The Swiss franc is still "significantly overvalued", the Swiss central bank said on Thursday, as it held its negative key interest rates and announced further intervention in the foreign exchange market.
There had been some expectations that the Swiss National Bank would match the European Central Bank's latest rate cut at its own policy meeting to help weaken its currency, which has seen strong upward pressure from its status as a reserve currency.
But at its quarterly policy meeting the bank kept its key target range for the three-month interbank lending rate unchanged at between -1.25 percent and -0.25 percent, and its deposit rate also steady, at -0.75 percent.
"The interest rate differential with other currencies, even following the European Central Bank's (ECB) mild interest rate cut, is thus still markedly higher than at the beginning of the year," governor Thomas Jordan told a telephone conference.
"The negative interest rate makes the Swiss franc less attractive, and continues to help weaken the currency," he said.

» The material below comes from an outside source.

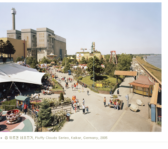 위르겐 네프쯔거는 ‘Fluffy Clouds’(솜털 구름) 시리즈에서 원자력발전소를 일상생활의 배경 속이나 여가생활 속에서 마치 보이지 않는 혹은 적어도 이들 주변의 사람들이 전혀 인식하지 못하는 존재로 등장시킨다. 드넓은 지평선이 펼쳐진 시골풍경과 아기자기한 집들, 숲 속의 작은 쉼터, 예쁜 놀이공원의 일부인 것처럼 너무나 완벽한 조화를 이루며 숨겨져 있는 원자력발전소의 모습에서는 그 어떤 불안함이나 위험이 감지되지 않는다. 다만 모호함만이 있을 뿐이다. 그러나 작가는 매혹적인 것과 우리가 보기를 두려워하는 것이 동시에 존재하는 이 모호함을 통해서 ‘현대의 삶’에 내포된 모순을 완벽히 인식하도록 한다.

"The negative interest rate and our willingness to intervene in the foreign exchange market are intended to ease pressure on the Swiss franc," Jordan added.
All things equal, low interest rates put downward pressure on a currency and negative rates have the further impact of making banks pay to deposit funds with the central bank. This acts as an incentive to keep money in circulation and adding to the money supply, further depressing the currency.
Central banks also have the additional tool of selling their own currency to make it weaker with massive market interventions.